Official code for paper Revisiting Model Interpolation for Efficient Reasoning
Please follow the official guidance of Opencompass to set up a python environment.
We use the lmdeploy backend, please remember to set
pip install "opencompass[lmdeploy]"
Download the official weights from huggingface:
We recommend to download via the huggingface-cli, such as
hf download Qwen/Qwen3-30B-A3B-Thinking-2507 --token $your_hf_token --local-dir weights/Qwen3-30B-A3B/Qwen3-30B-A3B-Thinking-2507
hf download Qwen/Qwen3-30B-A3B-Instruct-2507 --token $your_hf_token --local-dir weights/Qwen3-30B-A3B/Qwen3-30B-A3B-Instruct-2507
Then, run the mi.py:
python mi.py --model_b /path/to/your/projects/base_model --model_i /path/to/your/projects/finetuned_model --lambda_val 0.5 --output_dir /path/to/your/projects/merged_output
where lambda_val is the interpolation factor.

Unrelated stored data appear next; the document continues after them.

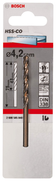 | Kurzbeschreibung | Metallbohrer HSS-Co, DIN 338, 4,2 x 43 x 75 mm, 1er-Pack |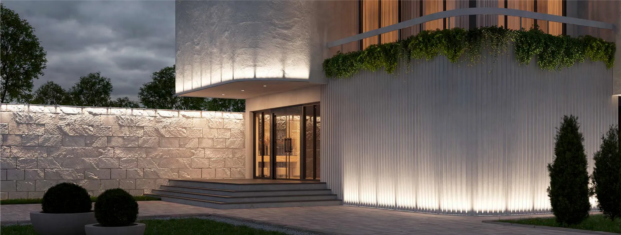Оригинальный световой эффект В отличие от волвошеров, которые равномерно подсвечивают фасад, грейзеры устанавливаются гораздо ближе к поверхности, что позволяет подчеркнуть ее рельеф и создать эффектные тени.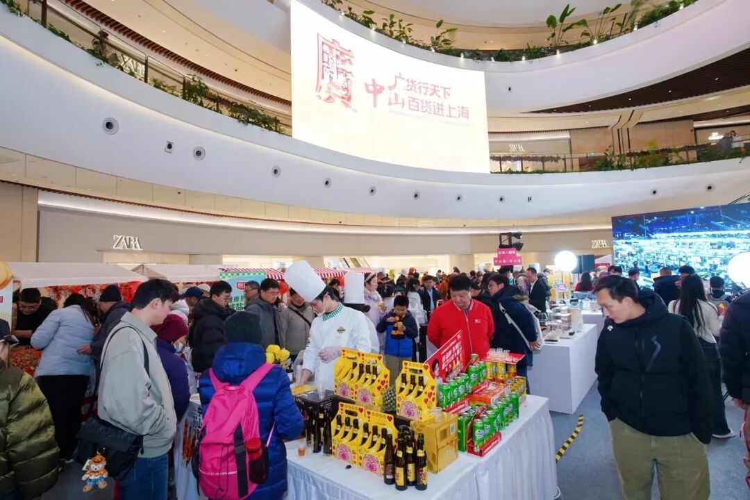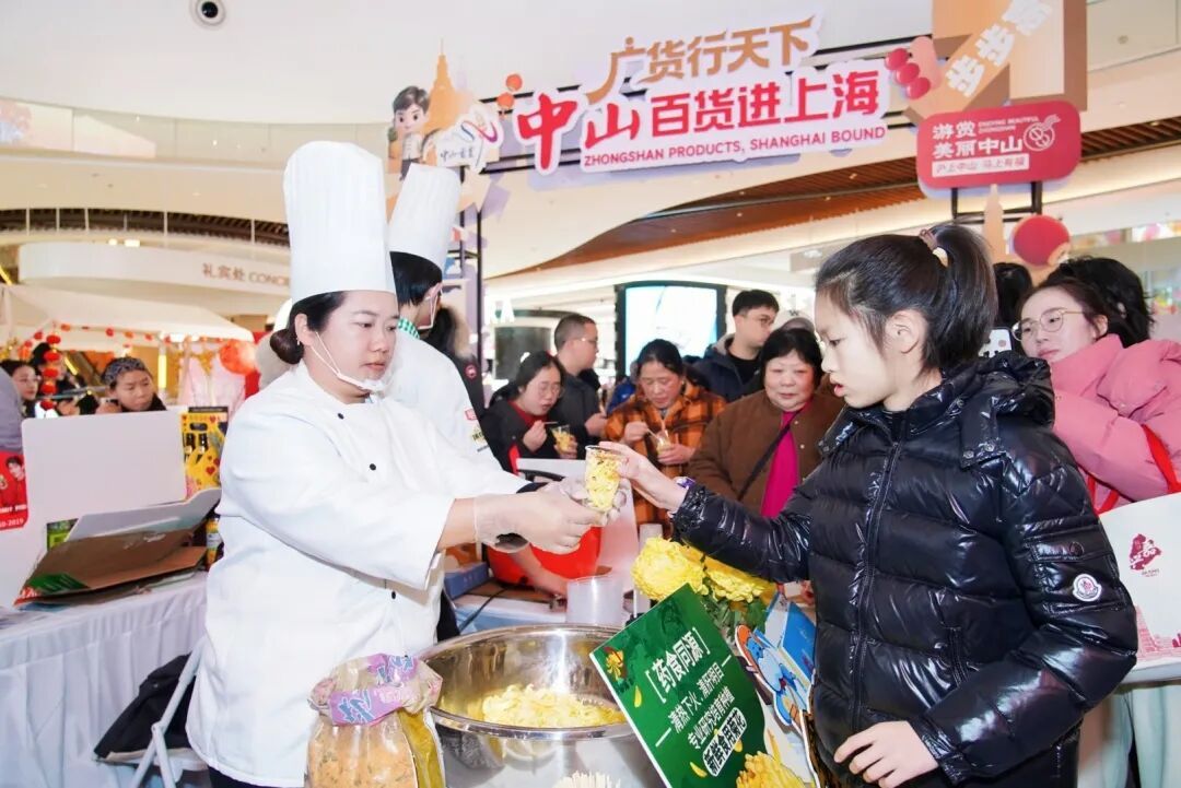 咀香园杏仁饼、黄圃腊味、石岐乳鸽、工业机器人、国产无人机……日前,“广货行天下·中山百货进上海”活动在上海瑞虹新天地太阳宫举行。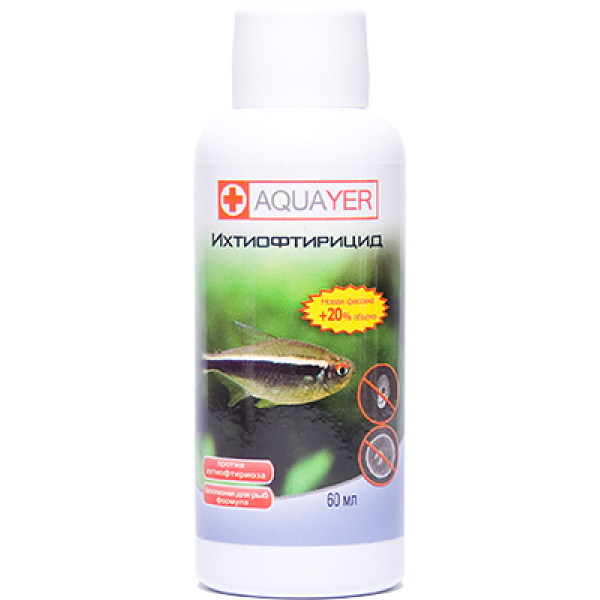 Aquayer Ихтиофтирицид — это лекарственный препарат для лечения ихтиофтириоза («манки») у аквариумных рыб. Действующее вещество
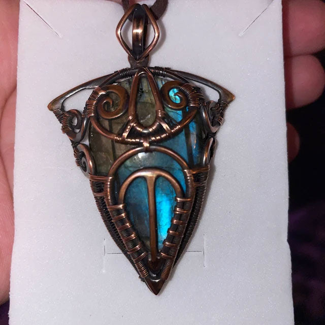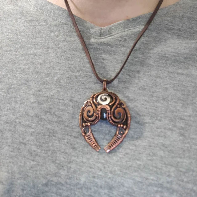 Wire wrapped third eye magical talisman necklace. Unique spiral wrework pendant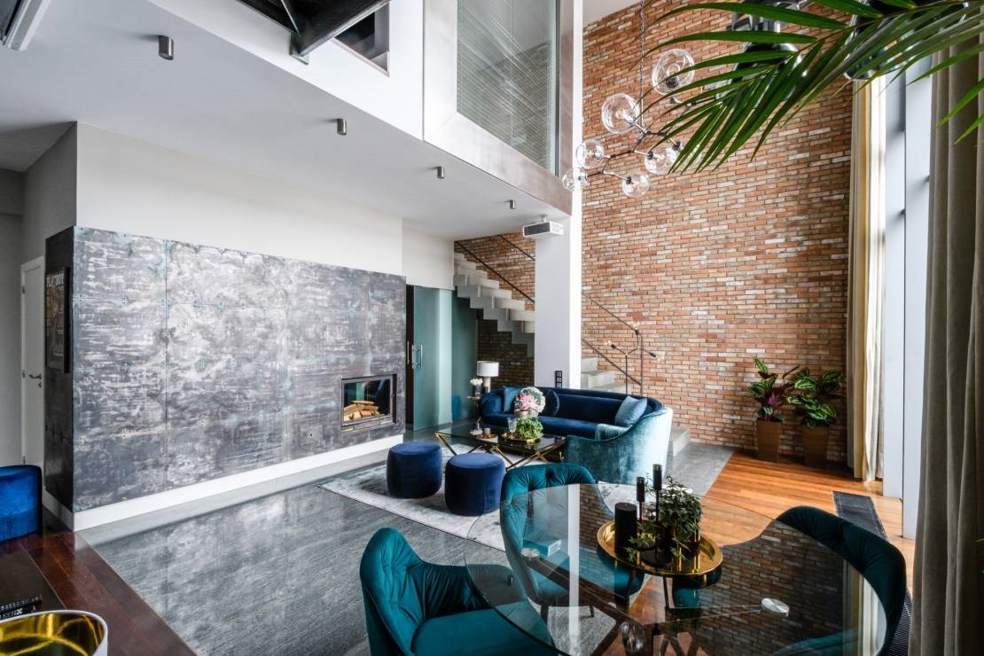Głównym pomieszczeniem jest oczywiście salon wyposażony w welurowe kanapy i pufy w modnym kolorze indygo, nie zabrakło również klimatycznego kominka.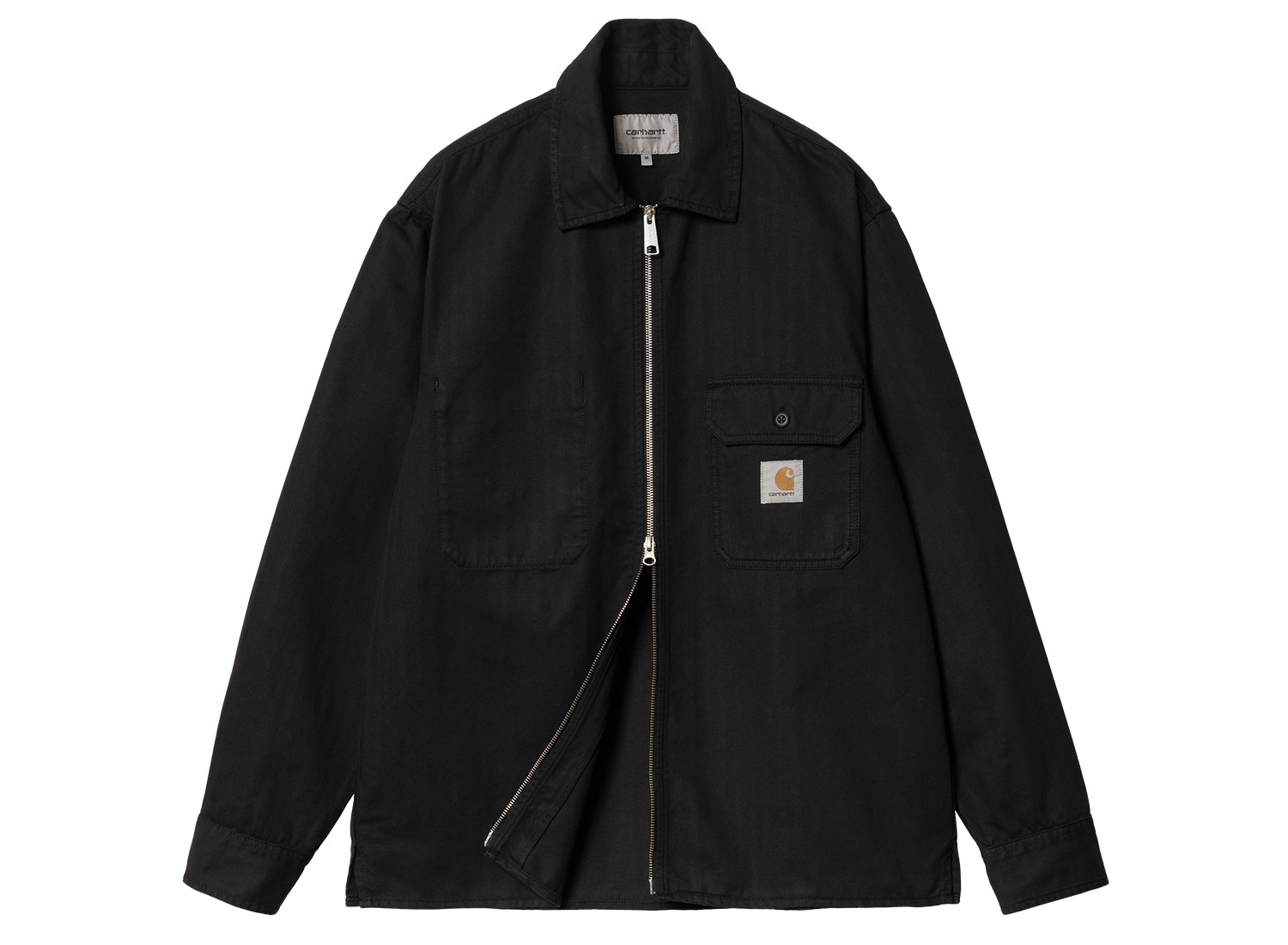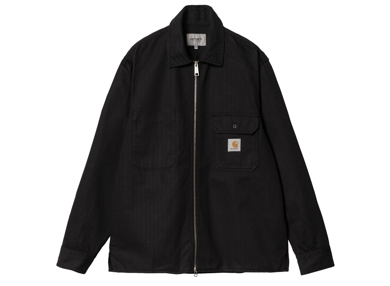 CARHARTT WIP Rainer Shirt Jac Black Garment Dyed I033276. Veste-chemise confectionnée en coton herringbone semi-épais. Tissu teint. Zippée à l'avant. Deux poches poitrine, une extérieure, une intérieure. Non doublé. Square Label.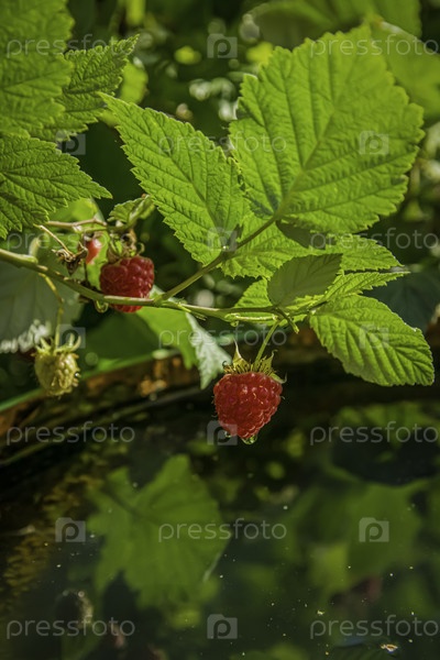 Ветви садовой малины с ягодами над бочкой с дождевой водой

We employ the opencompass for evaluation.
You need to modify the config files first.
For example, in evaluation/qwen3_AIME.py, replace the paths with your folder, modify the gpus to fit your machine.
Then all you need is to run opencompass evaluation/qwen3_AIME.py and wait the final results.
Warnning: In this repo, we benchmark the Instruct-2507/Thinking-2507 version, which do not require setting 'enable_thinking'. If you try to evaluate the Qwen3 hybrid thinking model, such as Qwen3-4B, please fix the bugs in Opencompass and pass an extra enable_thinking following this repo.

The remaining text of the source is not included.